As additional support for this resolution, we note that when the Industrial Commission receives notification of an injury, it has a duty to send a claim form to the employee. See A.R.S. §23-1061(C). In this case, the June 4, 1987, letter from the claimant’s attorney clearly informed the commission of an injury, and if the commission had responded promptly with a claim form to the employee it would have in all likelihood been filed before the expiration of the one-year period on September 6, 1987.[2]

Finally, we note that under the Industrial Commission rules, the February 12, 1988, worker’s report of injury may also be a timely claim for benefits. Administrative Code Rules and Regulations R4-13-107 provides:

Filing of an incomplete form or an instrument other than a form when a form is required, within the prescribed time period, will constitute a timely filing if the party complies with these Rules by filing a properly completed and executed form within fourteen (14) days of the date notice was given by the Commission that the form was incomplete.

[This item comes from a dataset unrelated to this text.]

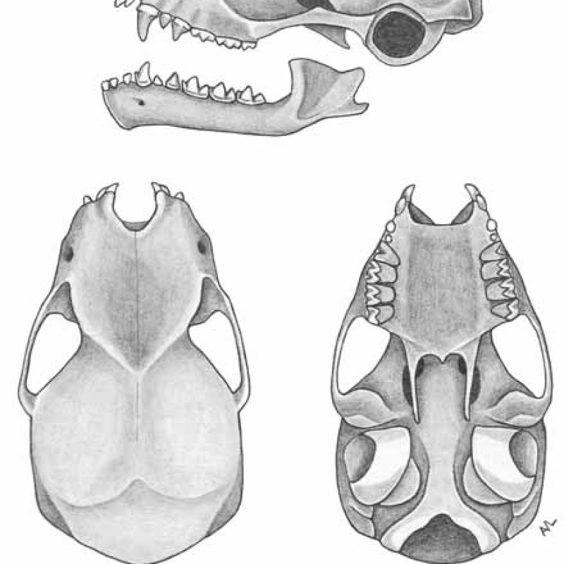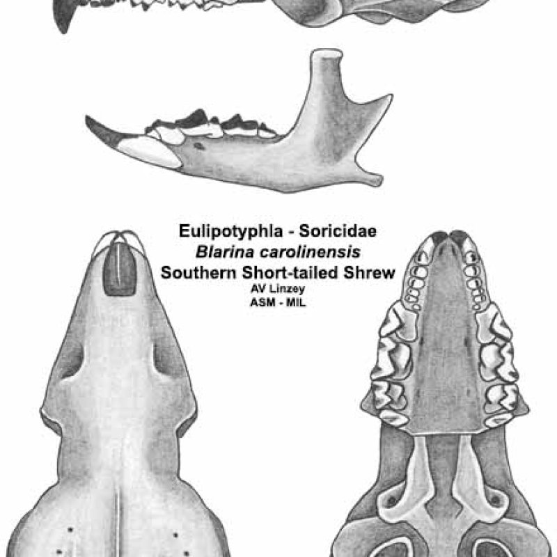 Skull & dentary. University of South Alabama #619 Alabama, Mobile County, Mobile. Formerly as Cryptotis parva. Formerly Soricomorpha.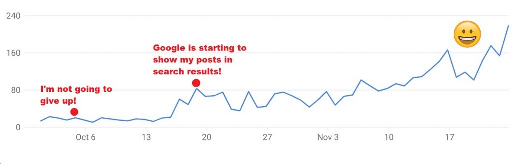 Once bloggers show that theyโre here to stay for the long haul (by consistently posting and posting things people find value in), Google will slowly reward them with search engine visitor traffic:

In this case, the claimant’s attorney filed the first page of a worker’s report of injury with his June 4, 1987, letter. This constituted an incomplete form since it was missing the second page. Eight months later, when the commission informed the claimant that this form was inadequate, the claimant filed a properly completed and executed form two days later. Therefore, under Rule 107 it appears that the February filing was also timely.

For all of the foregoing reasons, it is unnecessary to reach the claimant’s first issue. The award is set aside.

CLABORNE, P.J., and EHRLICH, J., concur.

[1] The Industrial Commission rules also provide that a claimant may be represented by an authorized representative, which is defined to include an attorney, and that individual is authorized to sign reports or instruments on behalf of the claimant. See A.C.R.R. R4-13-105, -107.
[2] This logic appears equally applicable to the March 1, 1986, worker’s report of injury filed by the claimant’s wife. This claim clearly informed the commission that an injury had occurred, but no processing took place and the commission did not send a claim form to the claimant.